3. Lijkt [minderjarige ] de gevolgen van het wonen in Frankrijk te kunnen overzien?
Met betrekking tot haar dagelijks leven lijkt [minderjarige ] goed te overzien wat het betekent
om in Frankrijk te wonen. Zij is bereid om de taal beter te leren en zij houdt contact
met mensen in Nederland Doordat de woning van haar moeder in [plaats A] er nog
gewoon is en zij het voorbeeld heeft van haar grote zus die in [plaats A] blijft om te
studeren, is de weg naar Nederland terug voor haar laagdrempelig mogelijk.
Haar beeld van de toekomst is concreet. Zij wil al vanaf dat zij klein is, met kleine
kinderen werken.
4. Hoe is de relatie met haar moeder?
[minderjarige ] omschrijft de relatie met haar moeder als goed. Zij lijkt wel in staat om ook het
handelen van moeder kritisch te bezien. Zij voelt zich door moeder gesteund en zij
vindt het logisch dat haar moeder haar de vrijheid gaf om te demonstreren en om naar
Frankrijk te gaan.
5. Hoe was/is de relatie met haar vader? Waarom is er momenteel geen contact met haar
vader?
[minderjarige ] vertelt dat zij eigenlijk nooit een relatie met haar vader heeft ervaren. Hij is
altijd heel boos geweest. Dit is na de scheiding niet veranderd Zij vertelt dat zij niet
met hem in contact kan zijn zolang de boosheid er bij vader is. De spanningen zijn te
groot en de focus op het doel om in Frankrijk te blijven zorgt ervoor dat [minderjarige ] op dit
moment geen ruimte ervaart voor een herstel met haar vader.

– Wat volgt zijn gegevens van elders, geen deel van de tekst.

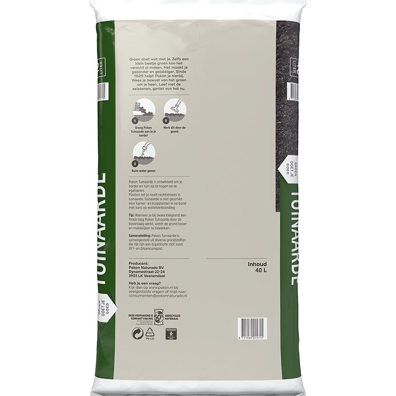 Pokon Tuinaarde is ontwikkeld om jouw border en tuin op te hogen en te egaliseren. Tuinaarde zorgt voor meer organische stof in de grond, waardoor wortels van jouw planten zich goed kunnen ontwikkelen. Zet jouw planten nooit rechtstreeks in tuinaarde, maar gebruik het in verband met kans op verbranding alleen om door de grond te mengen. Voor de aanplant van tuinplanten adviseren wij om Tuinplanten Aanplantgrond of een specifieke grond, zoals Rozen grond, te gebruiken. Pokon Tuinaarde is samengesteld uit diverse grondstoffen die rijk zijn aan organische stof, zoals tuinturf en voedingstoffen.
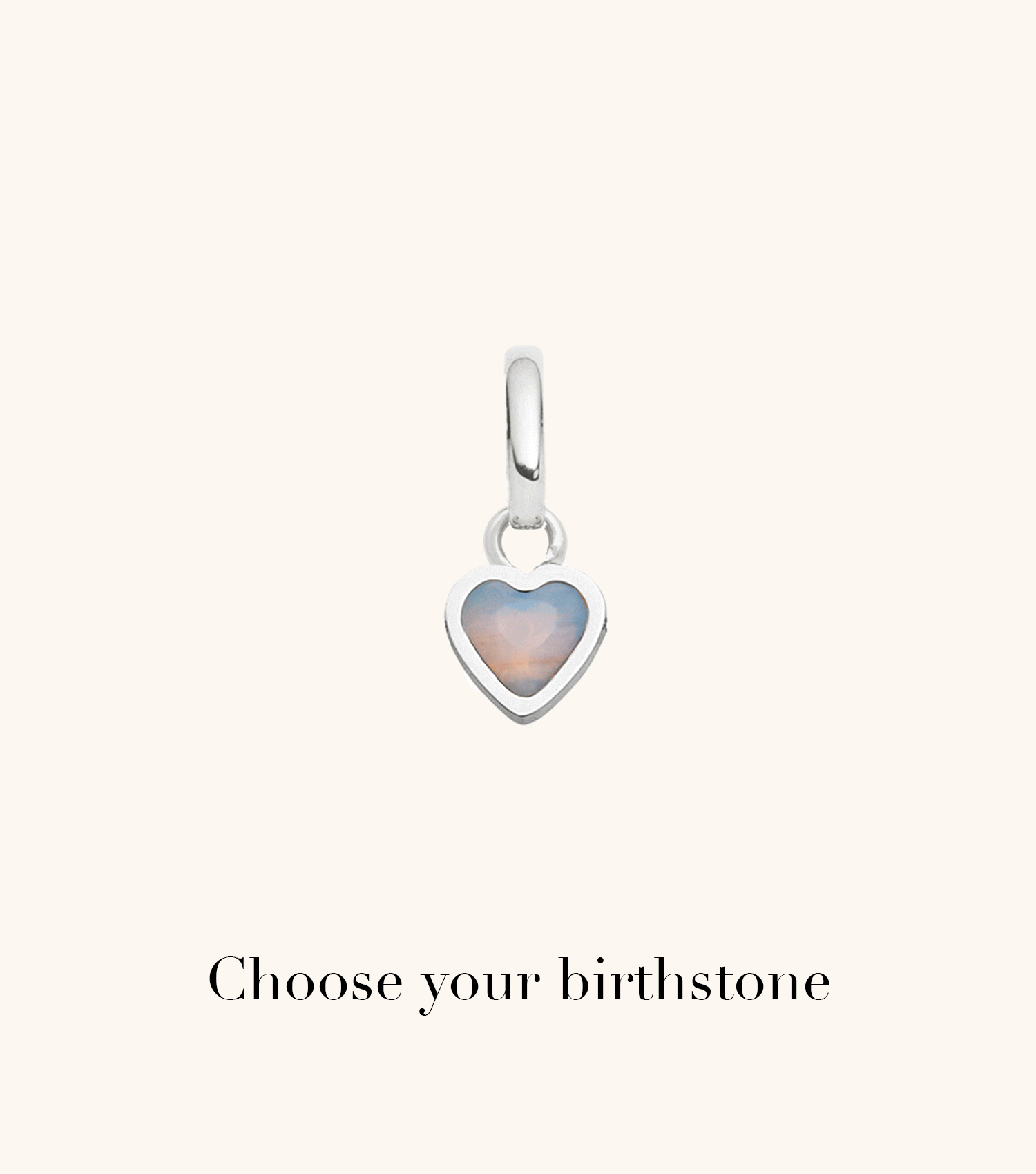 This Stories Mini Heart Birthstone Pendant in silver by Abbott Lyon is a dainty charm that balances sentiment with sparkle. With its crystal-set heart design, it’s perfect for gifting or wearing as a reminder of love and individuality.
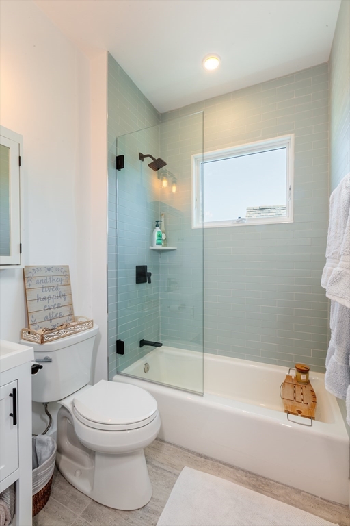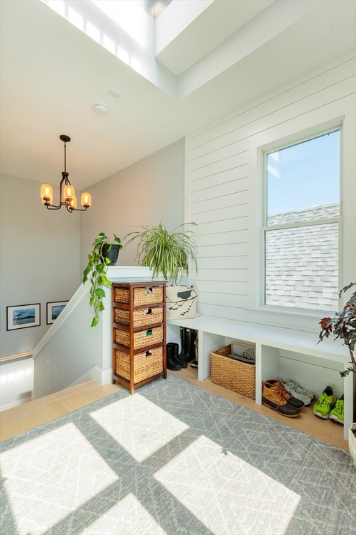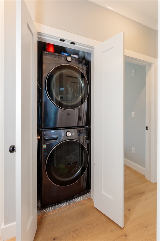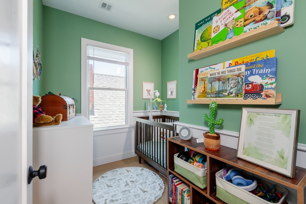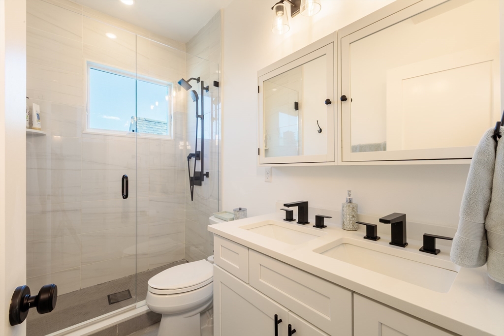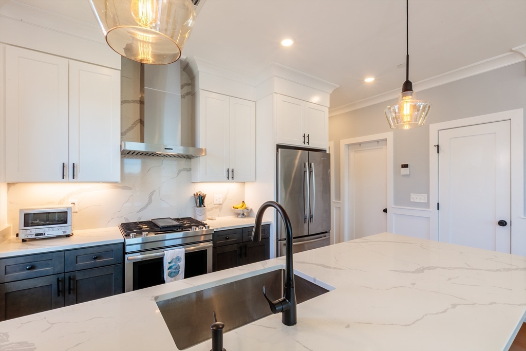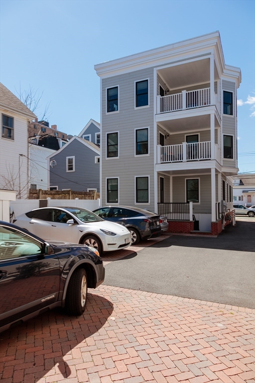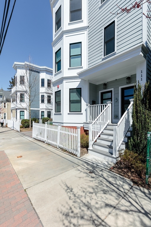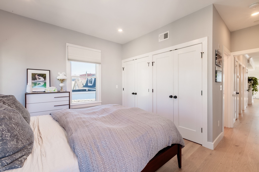 Bright, beautiful top-floor 2 bedroom/2 bath condo with parking near Harvard, Porter, Union, and Inman Squares. Private entry on second floor leads to dramatic third floor landing with skylight. Inside, the open floor plan is flanked by windows. Living/dining area has gas fireplace, recessed lighting, and built-ins. Sleek kitchen with waterfall quartz island and counters; ss appliances including vent hood and drawer microwave; pendant lights; pantry closet. Off a central hall are 2 bedrooms, office (used as nursery), second full bath, and laundry closet. The primary suite has private bathroom with tiled spa shower with double sinks and medicine cabinets, double closets, and private deck. Exclusive parking space in rear with EV charger. Features include central air and gorgeous light wood floors. Walk to 3 subway stops (Red Line and GLX), several bus lines, bike path, shops, theaters, restaurants, parks, and more.

6. Wil [minderjarige ] de voorzieningenrechter spreken?
[minderjarige ] is bereid tot een gesprek met de voorzieningenrechter. Dit zou dan wel een
online gesprek moeten zijn, in verband met school.

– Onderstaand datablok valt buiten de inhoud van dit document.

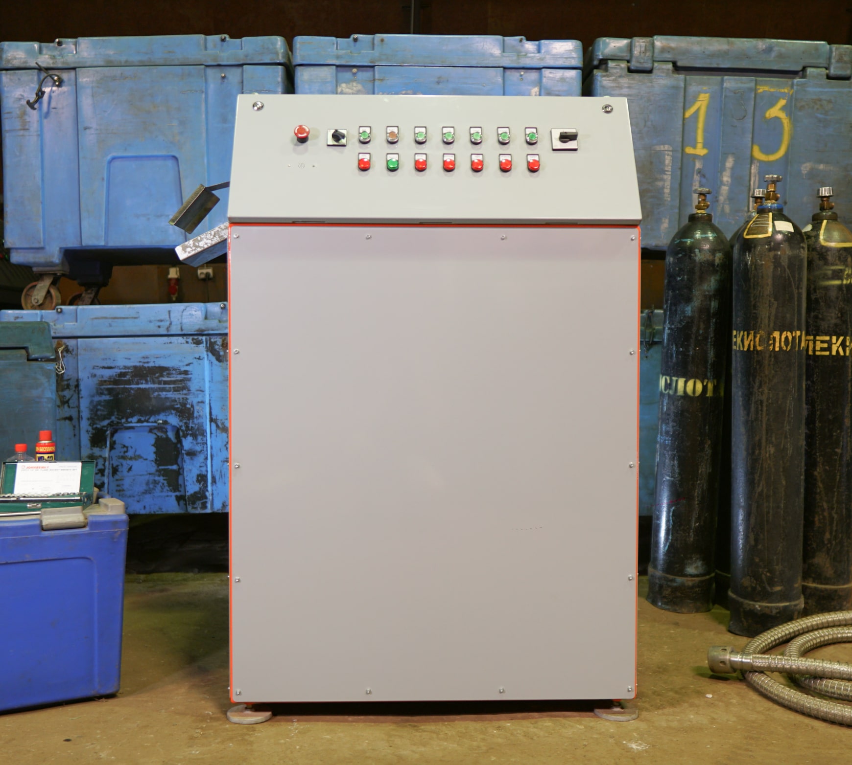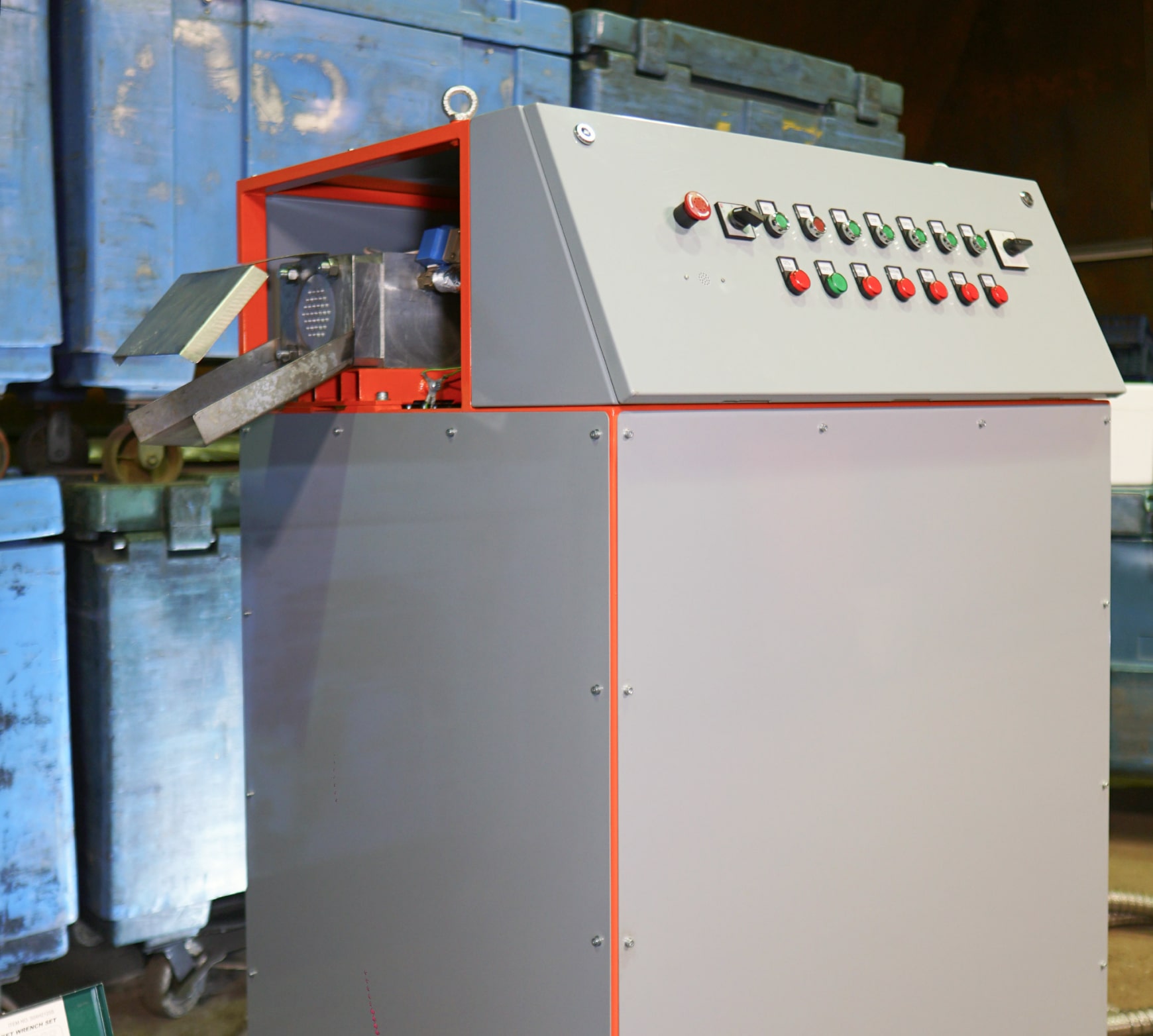 - Оборудование полностью автоматизировано и требует присутствия оператора только для запуска станка, его остановки и смены заполнившихся готовым продуктом контейнеров.

7. Kan de bijzondere curator op basis van dit beperkte onderzoek advies uitbrengen over
het fysieke en emotionele welzijn van [minderjarige ] in Frankrijk?

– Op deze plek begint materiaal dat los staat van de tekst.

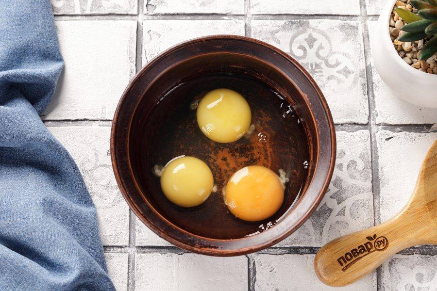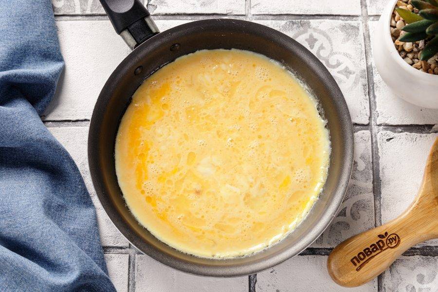 Когда масло растает, влейте яичную смесь. Огонь убавьте.

Ik heb geen zorgen over het fysieke welzijn van [minderjarige ] . Met betrekking tot haar welzijn
op alle andere gebieden, zie ik een intelligent meisje dat in staat is tot het maken van
sociaal contact en dat het in Frankrijk zal kunnen redden. Ik weet niet zeker of haar
wensen voor de toekomst samenhangen met de wens om in Frankrijk te kunnen
blijven. Of zij een andere ambitie zal ontwikkelen als haar Frans zo goed is dat zij
onderwijs kan volgen op haar niveau, zal de tijd moeten leren.
[minderjarige ] is in Frankrijk blij, zij voelt zich ontspannen en geniet van het samenleven met
de mensen waar zij nu woont.
8. Kan de bijzondere curator op basis van dit beperkte onderzoek advies uitbrengen hoe
het contact tussen [minderjarige ] en haar vader zou kunnen worden hersteld?
Hier zal hulp bij nodig zijn, ik denk dat vader en [minderjarige ] elkaar wel terug kunnen
vinden, nadat de procedures voorbij zijn. Wellicht kan er onder begeleiding van een
systeemtherapeut een begin worden gemaakt, waarbij [minderjarige ] aan haar vader kan
vertellen wat zijn voelt en vader en [minderjarige ] met elkaar in gesprek kunnen gaan. [minderjarige ]
heeft op dit moment het gevoel dat vader tegen haar strijdt en haar tegen wil houden
een mooi leven te leiden in Frankrijk. Vader heeft het gevoel dat hij voor [minderjarige ] strijdt
en haar leven in Nederland wil borgen. Vader strijdt in zijn gevoel niet tegen [minderjarige ] ,
maar tegen moeder.
De spanningen nu, staan een herstel van contact in de weg. Ik gun het [minderjarige ] om
onder begeleiding van een systeemtherapeut met haar vader te onderzoeken naar wat
er wel mogelijk is.
Het inzetten van een vorm van therapie zal alleen mogelijk en wenselijk zijn, indien
[minderjarige ] zelf aangeeft dit te willen. Op dit moment wil zij dat niet.
Wellicht kan dit laagdrempelig via beeldbellen vanaf een neutrale plek (bijvoorbeeld
het kantoor van een therapeut, of dat nou in Nederland of in Frankrijk is).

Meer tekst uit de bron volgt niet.